Your goal — Identify the line with "Tetování mýtická bytost drak na rameno"; copy word for word that line and every one after it, to the end of the listing. Exclude pictures.

★ ★ ★ ★

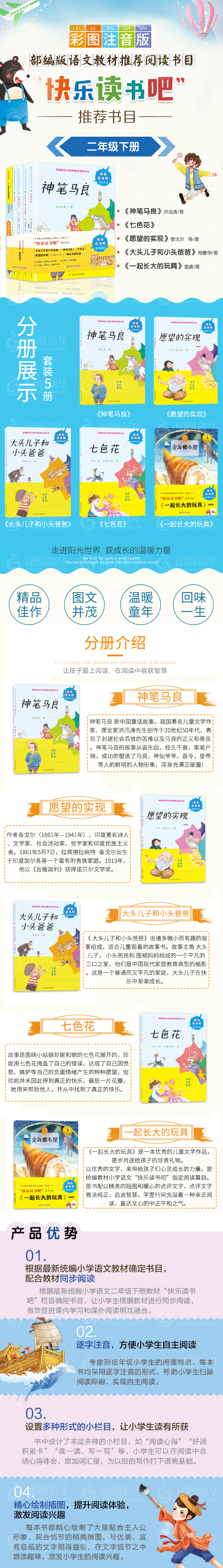 人教版二年级下册指定阅读图书,儿童文学名著,宝宝睡前童话故事,神笔马良、七色花、愿望的实现、大头儿子和小头爸爸,一起长大的玩具,彩图注音版,快乐读书吧推荐丛书,小学生新课标必读课外读物。
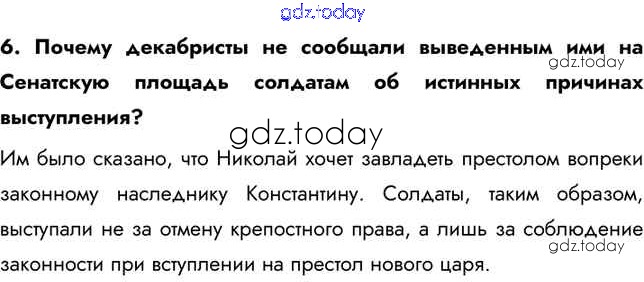 На страницах сайта gdz.today вы найдете учебный и вспомогательный материал, направленный на улучшения знаний школьной программы. ГДЗ - онлайн мир знаний Вопросы и задания §8-9. Общественное движение при Александре I. Выступление декабристов 6 Учебнику по Истории России для 9 класса Арсентьев, Данилов  Просвещение  2016
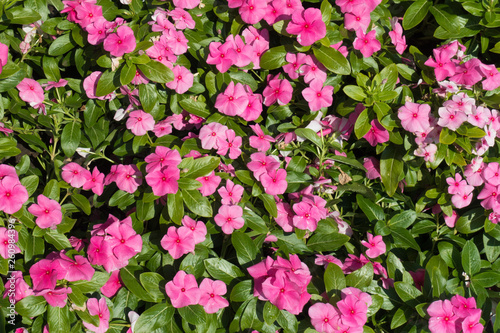 Flowering pink Catharanthus roseus in the garden in July
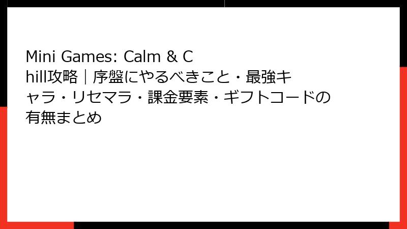前回の攻略ガイドで大好評の「Mini Games: Calm & Chill」。リラックスミニゲームの代表格ですが、ガチャやリセマラが気になるところですよね?この記事では、アプリのシステムを深掘りし、リセマラの有無、最強キャラ(もし存在したら)の詳細を検証。カジュアルゲームの純粋な楽しみ方を守りつつ、効率的な進め方を提案します!
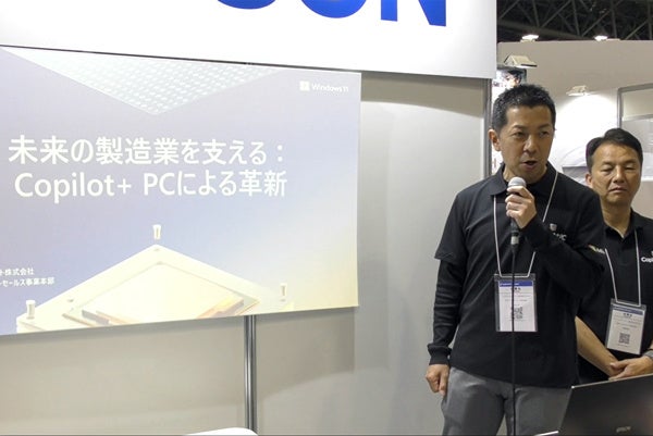 同社のブースでは、6月に発売予定であるエプソンのCopilot+ PCを先行展示していただきました。製造業の現場ではまだ多く活用されているとは言えませんが、やはり現場でAIを使って何ができるのかという点に注目されている方は大変多くいらっしゃるようでした。
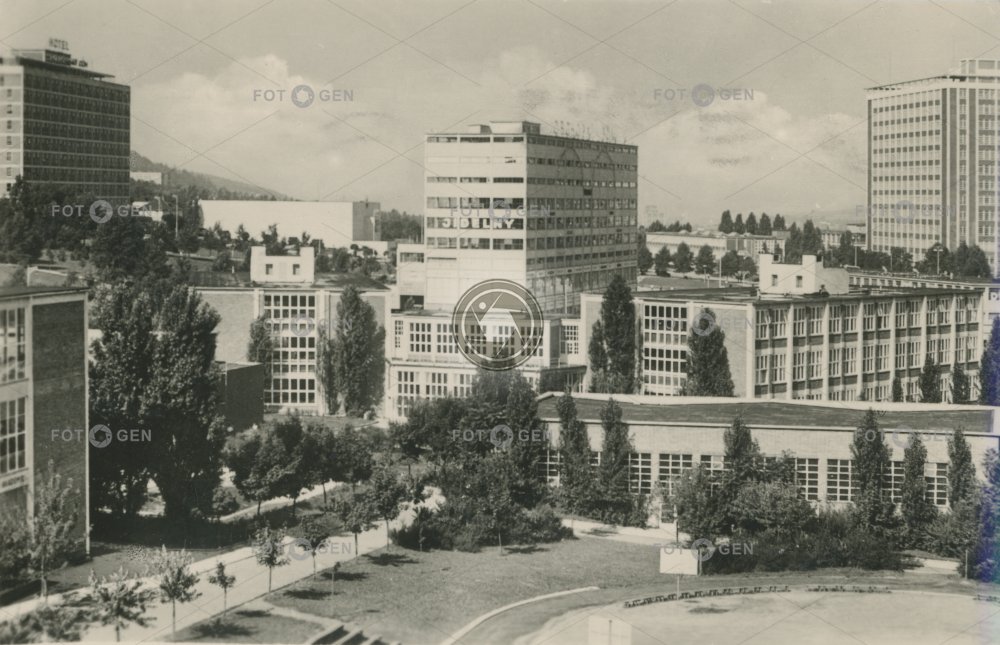 1940-1949 1949 Baťa's skyscraper Baťův mrakodrap celkový Gottwaldov hřiště kraj Masarykovy školy místopis mrakodrap neexistující neexistující budova neexistující objekt neexistující stavba non-existent non-existent building panorama playground skyscraper školy topography Zlín Zlínský
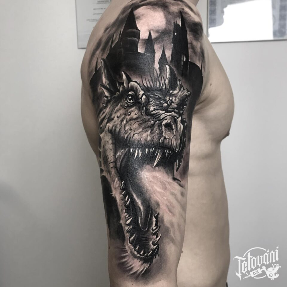 Tetování mýtická bytost drak na rameno
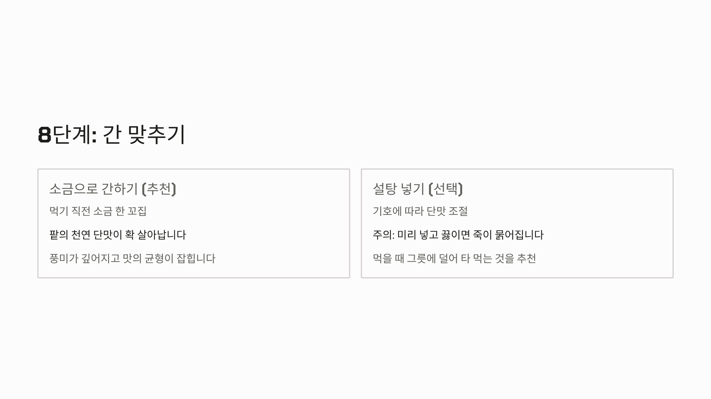 - 간 맞추기 (소금 vs 설탕):

★ ★ ★ ★

Answer section —
 Tetování mýtická bytost drak na rameno
 - 간 맞추기 (소금 vs 설탕):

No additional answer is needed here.